▶ **DATA PROVIDED**
————————

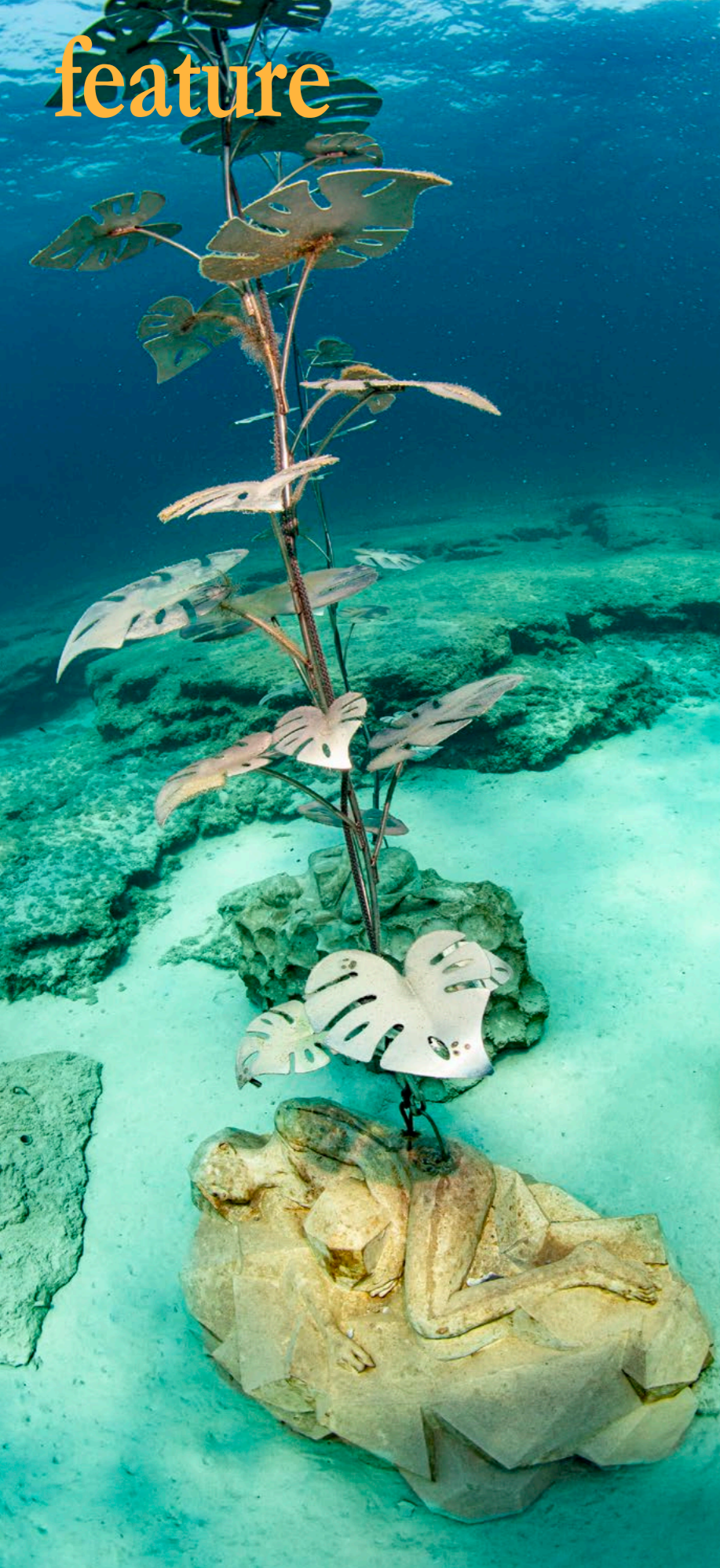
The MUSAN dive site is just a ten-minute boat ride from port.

————————

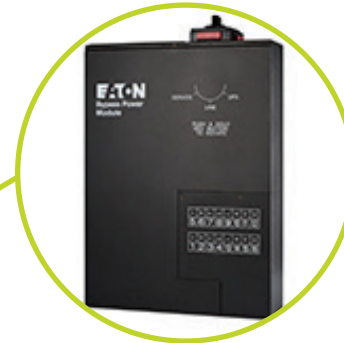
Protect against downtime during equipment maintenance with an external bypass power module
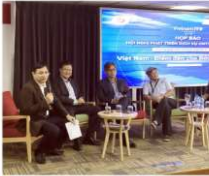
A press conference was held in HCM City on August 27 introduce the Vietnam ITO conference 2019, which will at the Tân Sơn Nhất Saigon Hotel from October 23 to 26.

————————

▶ **WHAT NEEDS TO BE DONE**
Look over the data and work out how many lines include the word "from"; reply with the number only.

▶ **EXERCISE SOLUTION**
2